2.4. Sample Characterization and Analyses
The dual-template AUCH materials were characterized with the following instruments. Surface morphology and elemental composition were examined via SEM (FEI Quanta 600F, FEI Company, Hillsboro, OR, USA) with EDS capabilities. Structural analysis and functional group identification were performed using FTIR-ATR spectroscopy (Nicolet 4700, Thermo Scientific, Waltham, MA, USA). Thermal properties were assessed through DSC-TGA (SDT 600, TA Instruments, New Castle, DE, USA) under nitrogen atmosphere. For quantitative analysis of lanthanide concentrations, an ICP-OES (Thermo Fischer iCAP PRO, Thermo Fischer Scientific, Waltham, MA, USA) was employed, with optimized parameters for adjacent lanthanide detection. Sample preparation involved acidification and filtration, while analysis utilized matrix-matched standards and inter-element corrections to ensure accuracy.
3. Results
3.1. Surface Morphology Analysis via SEM
The morphology of the dual-templated NdPr-AUCH polymers were investigated using scanning electron microscopy (SEM). As shown in Figure 3, the three polymers exhibit predominantly similar characteristics with smooth surfaces and minor textural features including shallow depressions and protrusions. As Nd:Pr loading increases, a slight progression in surface texture becomes apparent. NdPr-AUCH-11 displays the most uniform surface among the samples, while NdPr-AUCH-21 and NdPr-AUCH-41 show a subtle progressive increase in surface roughness and textural elements. Unlike the significant morphological differences observed between differently crosslinked AUCH materials in previous studies [18], these dual-templated polymers maintain relatively consistent morphology regardless of template ratio. This morphological consistency suggests that varying the Nd:Pr template ratio within the dual-templated system does not substantially alter the overall polymer organization during synthesis, though the minor textural progression may contribute to the selective binding properties observed in adsorption experiments.
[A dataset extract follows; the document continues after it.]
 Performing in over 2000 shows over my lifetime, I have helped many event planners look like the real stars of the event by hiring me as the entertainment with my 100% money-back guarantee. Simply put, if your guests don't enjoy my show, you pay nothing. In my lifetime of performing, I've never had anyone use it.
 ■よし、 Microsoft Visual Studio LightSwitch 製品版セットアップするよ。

3.2. Functional Group Analysis via FTIR
Figure 4 displays the FTIR spectra of dual-templated Nd:Pr imprinted polymers alongside the control polymer. The broad band observed around 3400–3500 cm−1 is attributed to overlapping O-H and N-H stretching vibrations, characteristic of the chitosan backbone. Distinctive peaks at approximately 1150, 1650, and 1750 cm−1 correspond to various functional groups including C-O-C stretching of the glycosidic linkage, N-H stretching of amide I, REE-O interactions, and C-O stretching vibrations, respectively [20,21,22,23]. The relative intensities of these peaks show a systematic variation with template loading, with NdPr-AUCH-41 exhibiting the strongest absorbance across these bands. The spectral region between 500 and 700 cm−1 reveals characteristic N-H bending vibrations [24]. The most significant spectral differences appear in the fingerprint region (1000–1500 cm−1), where imprinted materials show more defined and intense bands, confirming incorporation of both Nd(III) and Pr(III) ions into the polymer matrix.
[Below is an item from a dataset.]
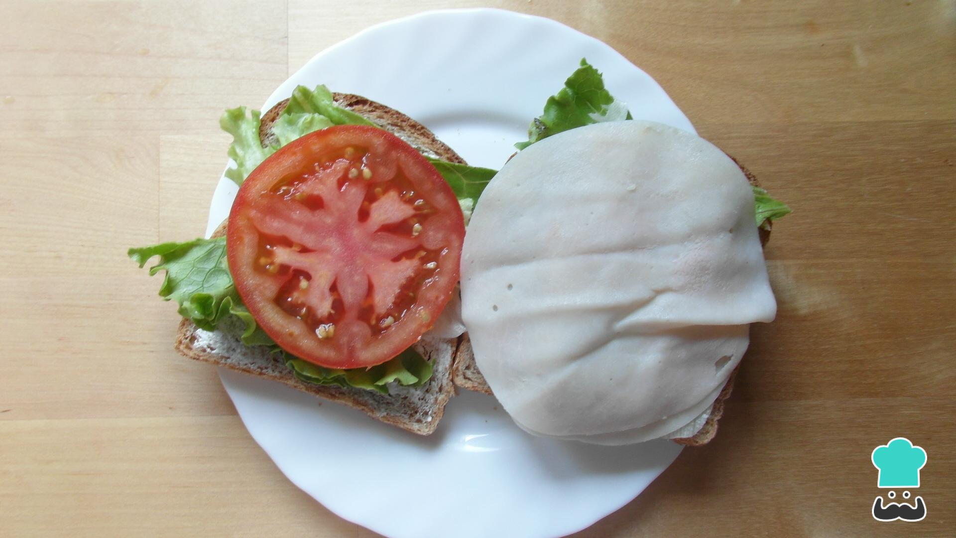 Coloque os pedaços de alface sobre as fatias de pão e acrescente o tomate e o presunto de frango.

3.3. Thermal Stability Assessment via TGA
Thermogravimetric analysis was performed to evaluate the thermal stability and decomposition behavior of the dual-templated NdPr-AUCH materials (Figure 5). All samples exhibited a multi-stage decomposition pattern, with initial weight loss (>200 °C) corresponding to the evaporation of bound water molecules from the chitosan network [25]. Decomposition of the chitosan polymer structure occurred in the range 200–400 °C [26]. Beyond 400 °C, the thermal behaviors diverged significantly based on template loadings. NdPr-AUCH-41 demonstrated the highest remaining mass (~30% at 1000 °C), followed by NdPr-AUCH-21 (~18% at 1000 °C), while NdPr-AUCH-11 and the control polymer showed more complete decomposition (~5% and ~0.5% residual mass at 1000 °C, respectively). This systematic increase in remaining mass correlates directly with increasing REE content within the hydrogel, suggesting that higher Nd:Pr loadings contribute to thermal stability, though complete decomposition equilibrium may not have been achieved within the studied temperature range.
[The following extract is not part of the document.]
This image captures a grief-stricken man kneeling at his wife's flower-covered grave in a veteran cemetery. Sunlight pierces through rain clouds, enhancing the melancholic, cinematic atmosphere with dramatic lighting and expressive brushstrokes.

3.4. Sorption Kinetics and Temperature Effects
Temperature-dependent kinetic studies (25 °C, 45 °C, and 65 °C at pH = 4) of simultaneous co-uptake of Nd(III) and Pr(III) onto the dual-templated AUCH materials reveal distinct uptake mechanisms that reflect their templating ratios. As shown in Figure 6, all materials exhibited rapid initial uptake, with equilibrium times varying based on template loading. The NdPr-AUCH-11 achieved the highest total REE loading, with maximum capacities of 16.17 mg/g for Nd(III) and 14.75 mg/g for Pr(III) at 25 °C, demonstrating nearly balanced simultaneous uptake. The NdPr-AUCH-21 and NdPr-AUCH-41 displayed increasingly selective Nd(III) binding, with Nd:Pr uptake closely approaching their design ratios (Figure 7). The control material showed minimal, non-selective uptake, while NdPr-AUCH-11 achieved substantially higher capacities with templating-directed 1:1 selectivity, confirming imprinting effectiveness over random sorption. Both pseudo-first-order (PFOKM) and pseudo-second-order (PSOKM) kinetic models were applied to the experimental data. The PSOKM demonstrated superior fits across all systems and temperatures (R2 > 0.996), indicating chemisorption-controlled processes. The pseudo-second-order rate constant (k2) increased with temperature for all systems, suggesting faster initial uptake rates at elevated temperatures (Table S2).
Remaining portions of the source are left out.